Question

A 50.0 kg crate is being pulled along a horizontal, smooth surface. The pulling force is 10.0 N and is directed 20.0 degree above the horizontal. Find the normal force the crate and the magnitude of the acceleration of the crate. A. 250 N, 0.0684 m/s^2B. 487 N, 0.188 m/s^2 C. 525 N, 0.200 m/s^2 D. 825 N, 0.376 m/s^2 E. 494 N, 0.0728 m/s^2

Answer 1

Explanation:

It is given that,

Mass of the crate, m = 50 kg

Force acting on the crate, F = 10 N

Angle with horizontal, $\theta=20^{\circ}$

Let N is the normal force acting on the crate. Using the free body diagram of the crate. It is clear that,

$N=mg-F\ sin\theta$

$N=50\times 9.8-10\ sin(20)$

N = 486.57 N

or

N = 487 N

If a is the acceleration of the crate.
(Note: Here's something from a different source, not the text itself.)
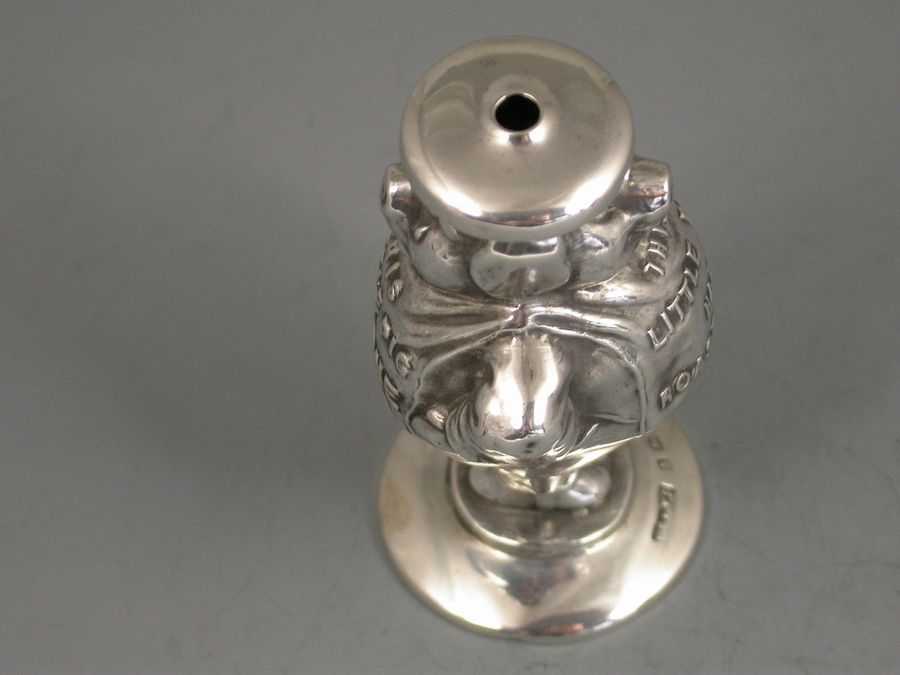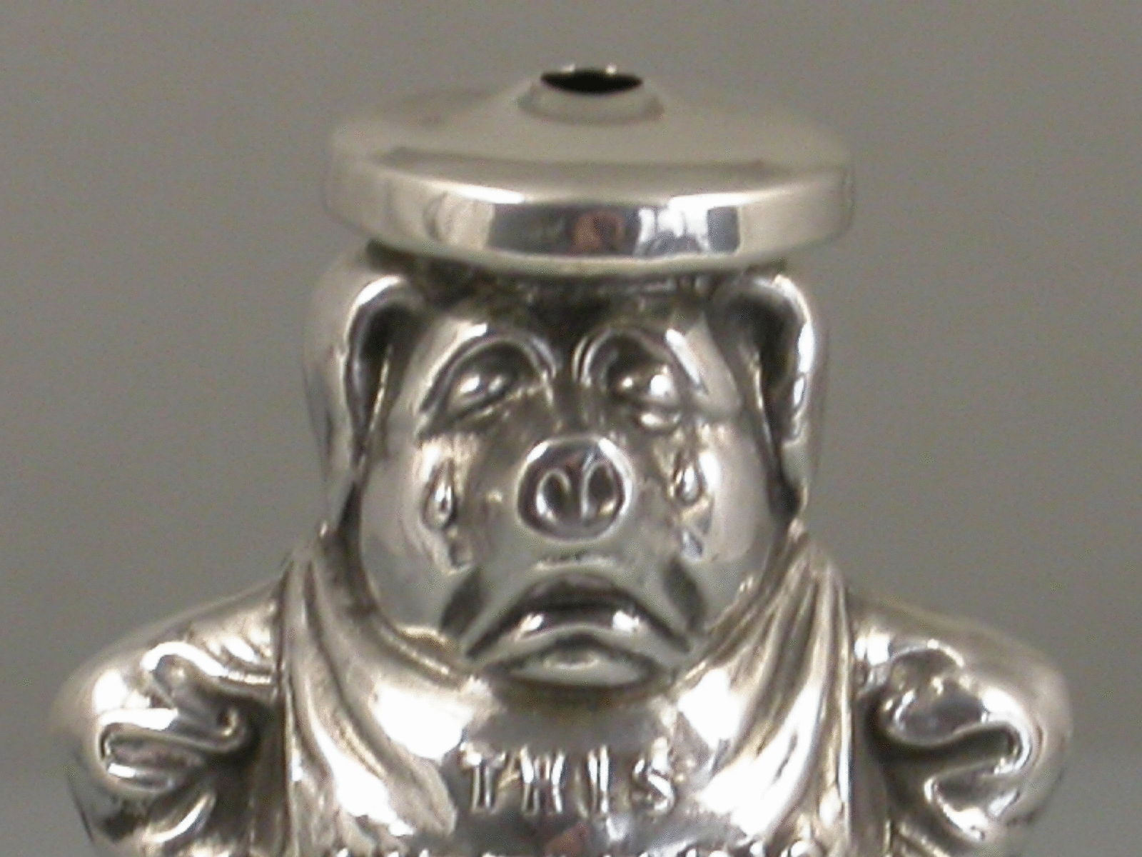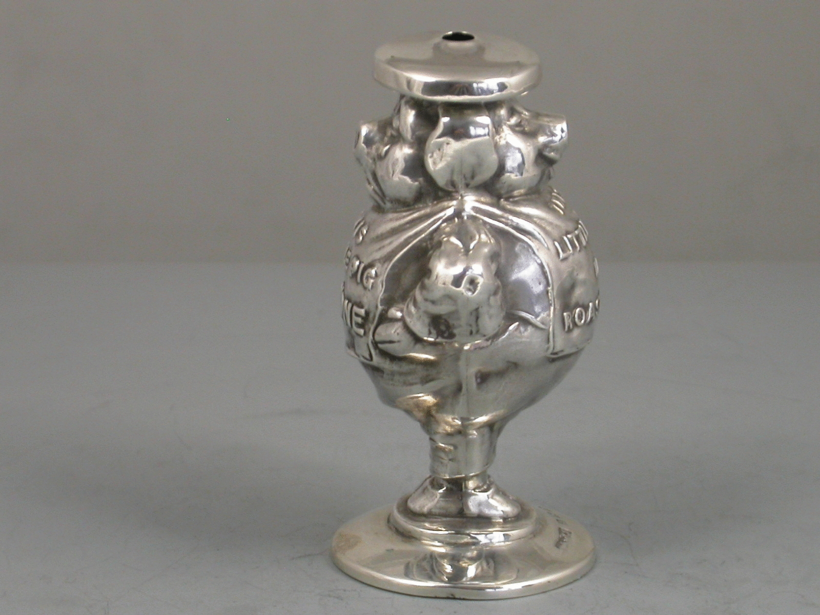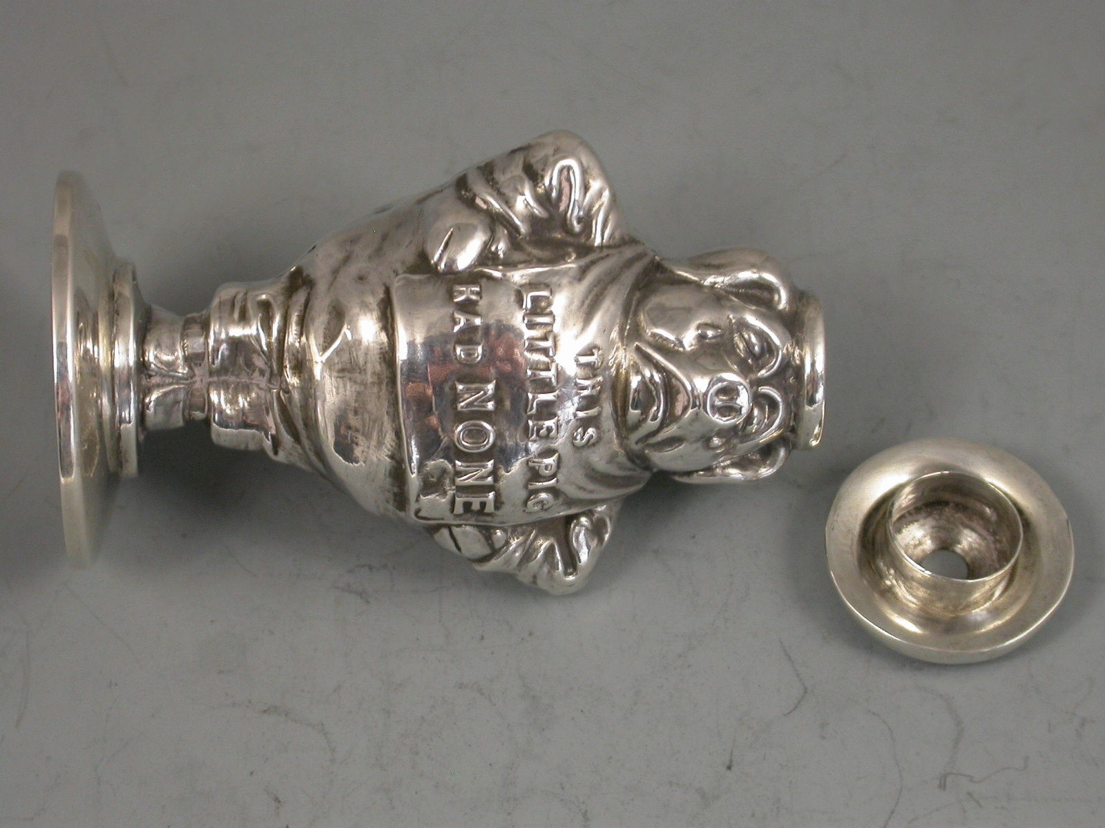 A rare George V novelty silver nursery rhyme Salt Pot in the form of a double side figure of a pig standing with his trotters on his hips, ""THIS LITTLE PIG HAD ROAST BEEF"" stamped on one side and ""THIS LITTLE PIG HAD NONE"", on the other.

The horizontal component of force is balanced by the applied forces as :

$ma=F\ cos\theta$

$a=\dfrac{F\ cos\theta}{m}$

$a=\dfrac{10\times \ cos(20)}{50}$

$a=0.1879\ m/s^2$

or

$a=0.188\ m/s^2$

So, the normal force the crate and the magnitude of the acceleration of the crate is 487 N and $0.188\ m/s^2$ respectively.